Rossetto, who says she comes to her Judaism from a psychological perspective, notes that an increasing number of Beit T’Shuvah residents are 18-to 25-year-olds raised in wealthy homes who are “functioned-for and overindulged” by their parents and have turned to destructive behavior. She also cites an increase in “Orthodox boys [sexually] abused in yeshivas” who use drugs to ease their pain.
Beit T’Shuvah has also dealt with rabbis with sexual addictions. Rossetto points out that charismatic figures are “particularly susceptible” since “the brighter the persona the darker the shadows.”
According to Rabbi Simkha Weintraub, rabbinic director of the Jewish Board of Family and Children Services in New York, “What’s so precious and priceless about Beit T’Shuvah is its ability to integrate a Jewish spiritual dimension” into its program. He said that offering “open-minded Torah study” is “a great gift, and obligation,” enabling people to control and manage their lives.
“Teshuva in that sense is returning health that’s been lost,” he said.
Rabbi Ed Feinstein, spiritual leader of Valley Beth Shalom in Encino, has been a friend and mentor to Borovitz since 1990, when he worked at Camp Ramah and brought Borovitz, then fresh out of prison, to talk to the teens. “He had them transfixed for three hours,” the rabbi recalled. “So real. So much energy.”

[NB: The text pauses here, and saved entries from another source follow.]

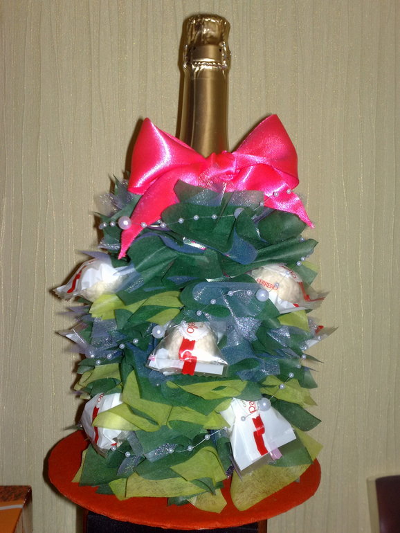 Зеленый фетр грубовато смотрится в виде "хвои",рафаэлки красненькие, а бантик розовый.Посоветовала бы с цветом поработать немного.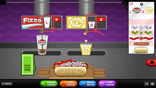 根据订单标识,挑选对应规格的【Fizzo】杯型和【爆米花】包装,把它们与热狗搭配组合,保证餐食符合顾客的需求。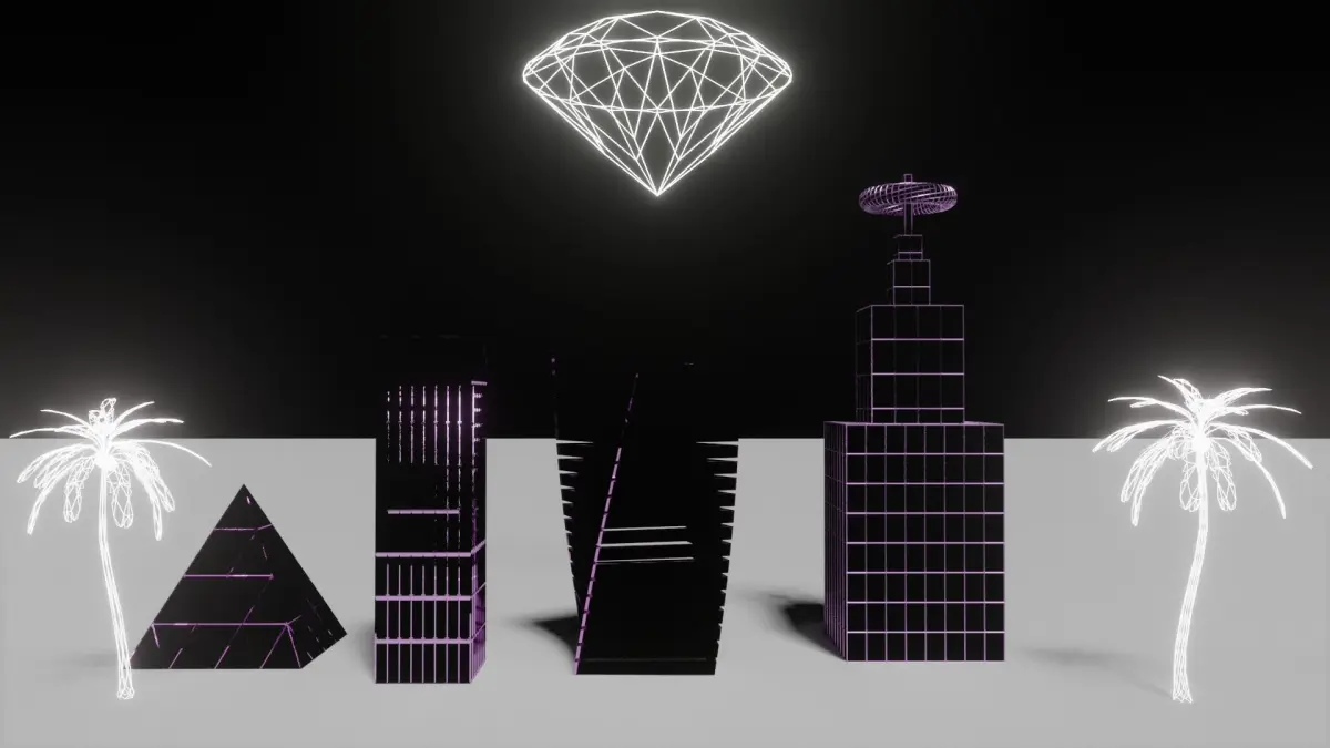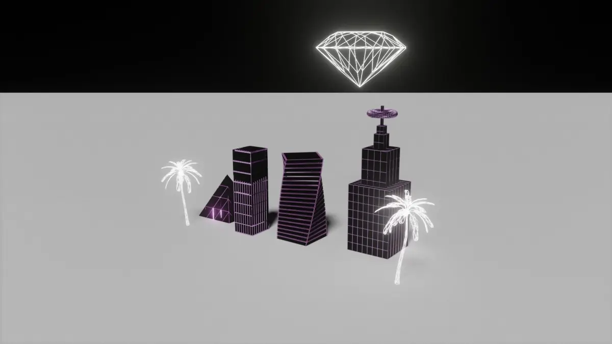 Just some Presets for a vaporwave city (4 buildings, Wireframe palms, Wireframe Diamond)

According to Rabbi Feinstein, “the amazing thing about Harriet and Mark is that they use Jewish wisdom to heal addiction, unlike other Jewish auspices.” He describes Beit T’Shuvah as “a remarkable place where you’ll find users, pushers and hookers very connected to a Jewish community” that otherwise “has no place for these people.
Many stay connected to Beit T’Shuvah as alumni, after their treatment.
“Mark is fearless in telling people the truth about themselves, and Harriet has a tremendous reputation in the therapeutic community,” the rabbi said. “For her, tikkun [repairing] is her faith.”
Rossetto and Borovitz “don’t get nearly the respect they deserve in the community — until someone has a loved one who needs the program,” Rabbi Feinstein said.
Rossetto said she and Borovitz want people to appreciate Beit T’Shuvah as something more than a rehab center. “There are many people who are hopeless,” she said, “and we offer them an infusion of hope.”